SALT LAKE CITY — When I am asked, "What do you do?", I tend to respond either "I am a journalist" or "I am an attorney." On those occasions in which I say that I am both an attorney and a journalist, my reply tends to confuse the questioner. So many people see these two professions as fundamentally different.
Certainly there are differences in training, and perhaps also in disposition and outlook. Yet there are significant similarities as well. These include a respect for words, an appreciation for both specialization and being a generalist, and the need for facts to precede advocacy.
The practice of journalism can hardly be taken to be one unified whole. My career in journalism has taken me through metropolitan daily newspapers, a foreign newspaper, weekly and daily business journals, political magazines and Web-based publications. Their purposes and modes of operation were all very different.
The life of an attorney may appear to be more unified and structured. It is, after all, a profession that is licensed and regulated by bar associations. Yet even here, differences outweigh superficial similarities. There are hundreds of minute specializations, each with a series of rules and exceptions to those rules. There are transactional attorneys who facilitate commercial relationships and those who specialize in litigation. Additionally, the mode of one's legal practice depends on whether one works for a business, a government or a law firm.
Consider, though, the ways journalism and the law are alike:
Words matter. For both the author and the attorney, words are the tools of the trade. Journalists are passionate about words. The best journalists understand the need to explain something simply, without getting lost in details.

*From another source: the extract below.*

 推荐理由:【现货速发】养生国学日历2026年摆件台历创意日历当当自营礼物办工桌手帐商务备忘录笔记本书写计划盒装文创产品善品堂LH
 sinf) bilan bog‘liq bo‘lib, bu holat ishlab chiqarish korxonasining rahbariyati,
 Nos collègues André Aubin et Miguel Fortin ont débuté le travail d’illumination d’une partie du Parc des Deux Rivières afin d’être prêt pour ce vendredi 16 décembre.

When I work with younger writers, I often quote from William Strunk and E.B. White's "Elements of Style:" "Omit needless words. Vigorous writing is concise. A sentence should contain no unnecessary words, a paragraph no unnecessary sentences, for the same reason that a drawing should have no unnecessary lines and a machine no unnecessary parts. This requires not that the writer make all his sentences short, or that he avoid all detail and treat his subjects only in outline, but that every word tell."
Lawyers sometimes fall short on brevity. But their trade teaches us the critical role of cross-examination: the need to take out every relevant detail, dust it off, hold it up and probe it with rigor and exactness.

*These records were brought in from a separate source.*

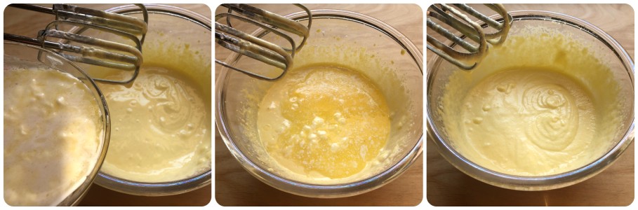 Auch die inzwischen abgekühlte Butter hinzufügen und die Masse erneut mit dem Mixer bearbeiten.
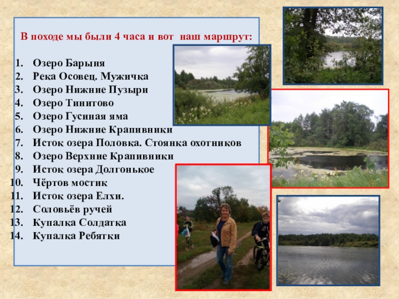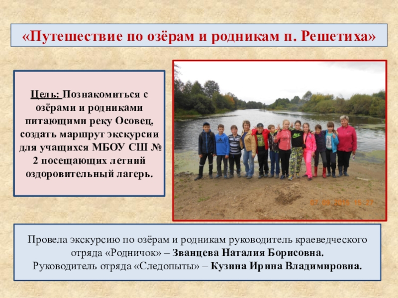Провела экскурсию по озёрам и родникам руководитель краеведческого отряда «Родничок» – Званцева Наталия Борисовна.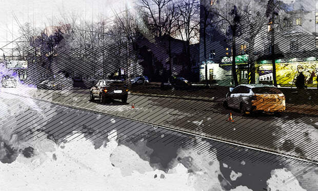 Далее Веста врезалась в дерево и остановилась. В свою очередь, Лада Гранта от удара врезалась в Мерседес Бенц, который двигался позади неё.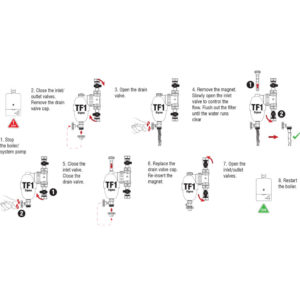 - Curățare periodică: Pentru a maximiza eficiența filtrului anti-magnetită Fernox TF1 Sigma, este recomandat să efectuezi o curățare periodică a filtrului. Aceasta va asigura o funcționare optimă și va prelungi durata de viață a întregului sistem.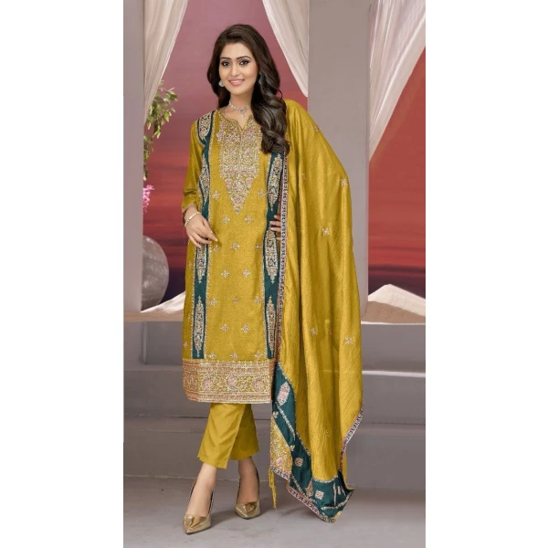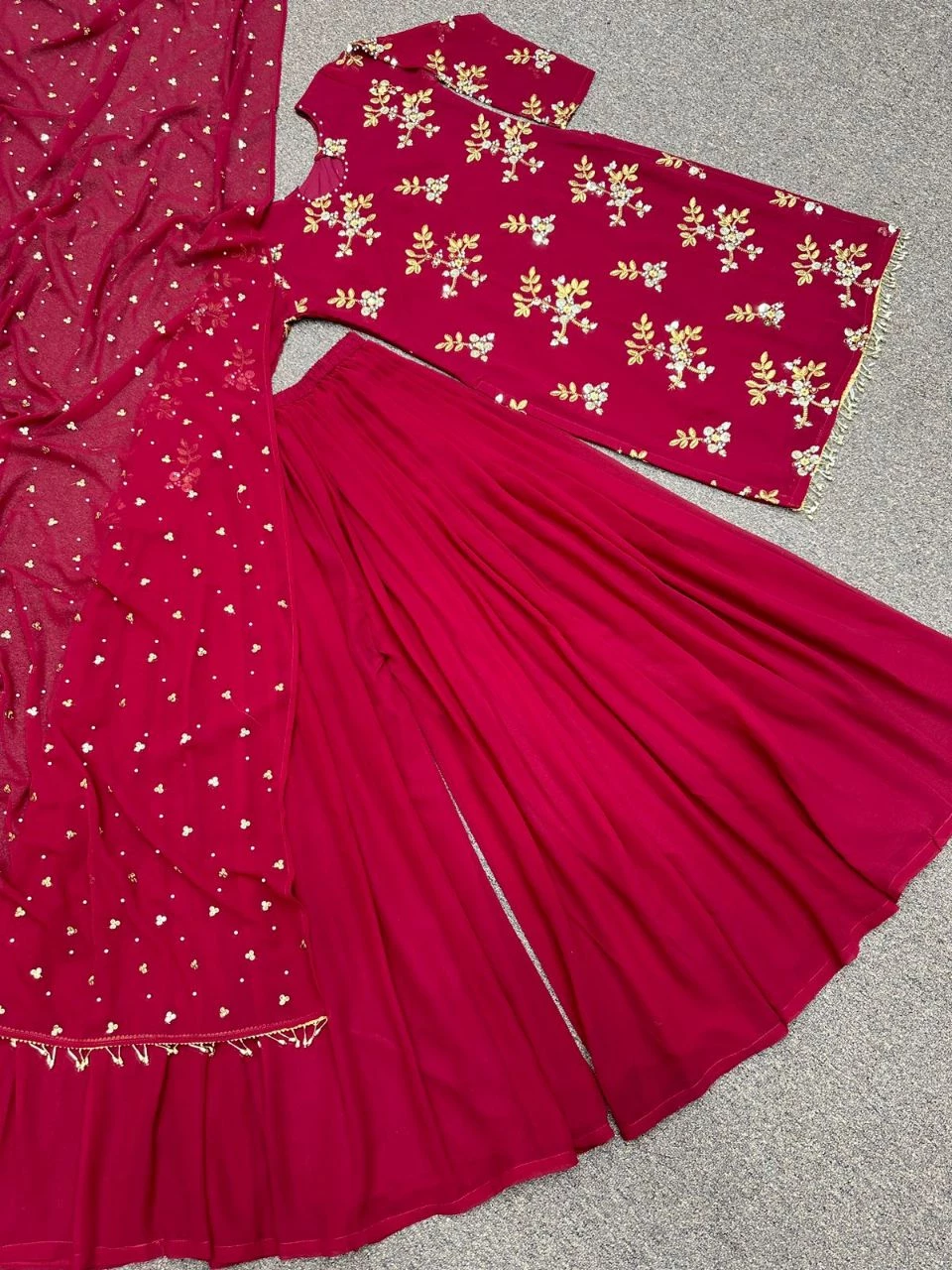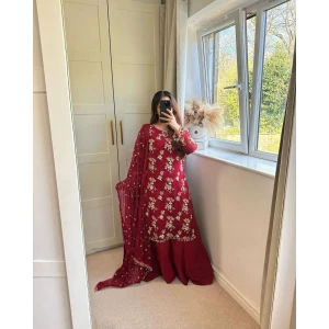 - WORK :- Fancy Heavy Embroidery Work with riveted Moti work and latkan lace border

As is recounted in a children's book (by Kay Winters and Nancy Carpenter) about one of our nation's most famous lawyers, "Abe Lincoln: The Boy Who Loved Books:" "Abe saw that words could free or jail a man. He found that words could change the way folks thought. ... From the wilderness to the White House, he learned the power of words and used them well."

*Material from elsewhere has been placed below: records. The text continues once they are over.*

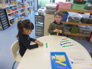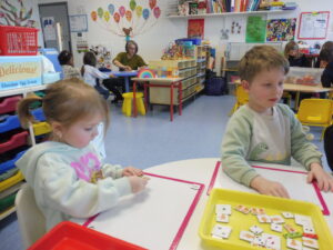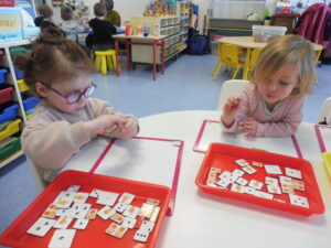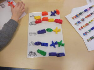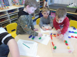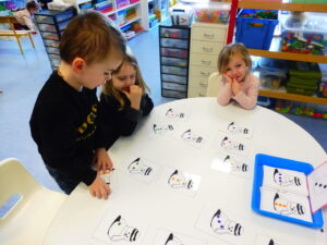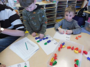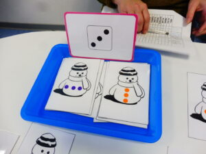 En numération, nous avons travaillé sur la reconnaissance des collections de 3 objets. Nous avons d’abord joué avec les cartes bonhommes de neige. Nous devions retrouver sur la table les bonhommes avec 3 boutons.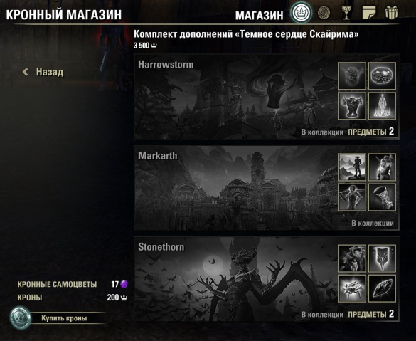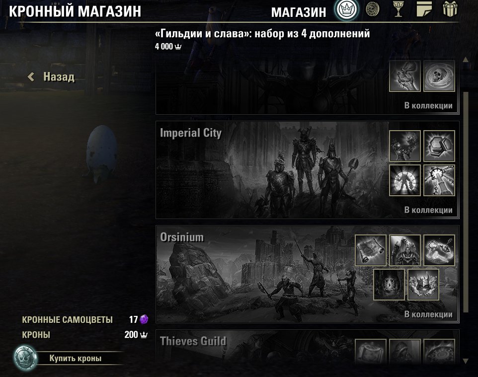 В коллекции есть всякие маунты из коробок, двемерский волк из механики археологии, скелет-волк за 400 гемов и тд; куплена самая важная вещь за 2кк голды — личность пьяницы(!); штуки 4 скинов, 2 полиморфа, всякие украшения.....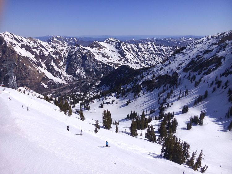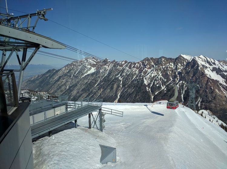 隔天早上我们前往盐湖城附近山区的Snowbird Ski & Summer Resort.缆车把我们带到900米高的山顶。虽然是春末,但山上还是白雪皑皑。

Generalists and specialists. Journalists are often called the world’s last generalists. But this is no longer true. A daily newspaper once aggregated the important news of the world for a general audience, but that function is now filled by Google News or Facebook’s news feed. When the most knowledgeable source for a given story is only a click away on the Internet, successful journalists are also specialists in a topic or topics that they know best.
Lawyers have specialized longer than journalists. But they also need to function in a general advice-giving capacity. A successful lawyer is a generalist in his or her understanding of the range of tools — the types of agreements or causes of action — that will equip their clients with the ability to solve their legal problems.
Facts before advocacy. A principal complaint about the mainstream media has been one of political bias. According to a survey released last week by the Pew Research Center, Americans have followed journalists into respective political corners: Roughly 1 in 5 people with consistently conservative or consistently liberal views rely on different sources of information and distrust the media outlets relied upon by the other side.
I’m skeptical of the argument that media outlets have led to greater political polarization. The “just the facts, ma’am” approach to journalism in recent decades is anomalous given the history of our nation’s partisan press. Journalists of necessity compile facts — but they do a disservice to readers if they withhold their informed analyses and judgments.
Conversely, everyone expects attorneys to vigorously contest for their side. Less well known is the lawyer’s responsibility to be factually accurate and to faithfully represent the law, including court decisions adverse to their side.
Instead of seeing journalists solely as fact-gatherers and attorneys solely as advocates, it would be truer to see reporters and lawyers both as purveyors of facts before advocacy. Whether in a court of law or the court of public opinion, the most powerful advocacy is always built upon a solid factual infrastructure.